In Witebsk studierte Chagall ein Jahr bei dem Maler Jehuda Pen, einem Künstler, der sich für eine neue, selbstbewusste jüdische Kultur einsetzte. Später ermöglichten ihm Mäzene – und ein geglückter Bestechungsversuch seiner Mutter – ein Studium in Sankt Petersburg. Ein entscheidender Schritt für Chagall, auch weil er dort Bella Rosenfeld kennenlernte, die Liebe seines Lebens. Es gibt Fotos, die erahnen lassen, was für eine starke, eindrucksvolle Persönlichkeit sie gewesen sein muss. Sie war klug, gebildet und ließ Marc Chagall sieben Jahre Zeit mit der Heirat – er sollte sich erst als Maler etablieren, sie wollte ihr Studium der russischen Literatur in Moskau abschließen, was eindeutig gegen die Gepflogenheiten der russischen Gesellschaft im Allgemeinen und die der jüdischen Gemeinschaft im Besonderen verstieß. Das Interesse an einem jüdischen Selbstbewusstsein sollte er dennoch nie ganz verlieren. Er verfasste selbst Gedichte und Artikel über Kunst und Literatur auf Jiddisch und lieferte Illustrationen für Lyrikbände jiddischer Autoren wie Isaak Leib Perez, Abraham Sutzkever und David Hofstein.

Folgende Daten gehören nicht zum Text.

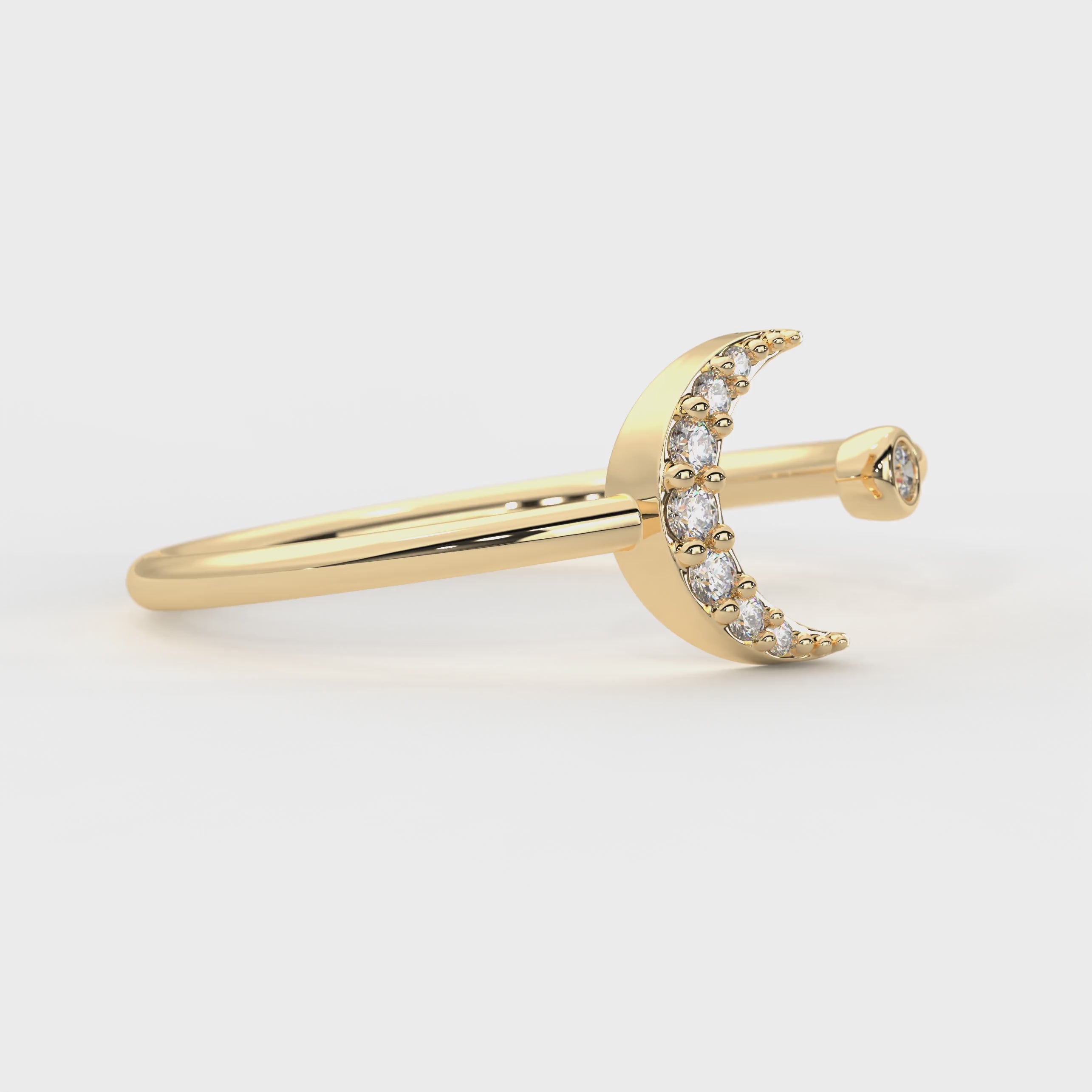 Diamond Crescent Moon Ring 14k Gold
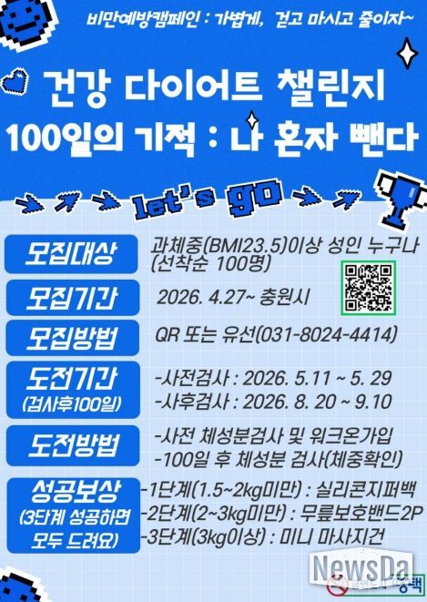 이번 챌린지는 참여자의 자발적인 의지와 실천을 최우선 가치로 둔다. 보건소는 참가자가 100일 동안 중도 포기하지 않고 스스로 건강 체중을 찾아갈 수 있도록 체계적인 환경을 조성하고 전문가의 가이드를 제공하는 ‘페이스메이커’역할을 할 예정이다.

Einem anderen Mäzen, dem Anwalt, Politiker und Vorsitzenden der in Sankt Petersburg gegründeten jüdischen Historischen und Ethnographischen Kommission, Maxim Winawer, verdankte Chagall, dass er ab 1911 sein Studium in Paris fortsetzen konnte. Für ihn wurde die Stadt bald zu seinem „zweiten Witebsk“, auch wenn er sie zu Beginn des Ersten Weltkrieges noch einmal neun lange Jahre verlassen musste: Er war auf Besuch in Weißrussland zur Hochzeit einer seiner Schwestern, als der Krieg ausbrach, danach konnte er erst einmal nicht zurück. Er nutzte die Zeit, um sich 1915 mit Bella zu vermählen, im Mai 1916 wurde ihre gemeinsame Tochter Ida geboren.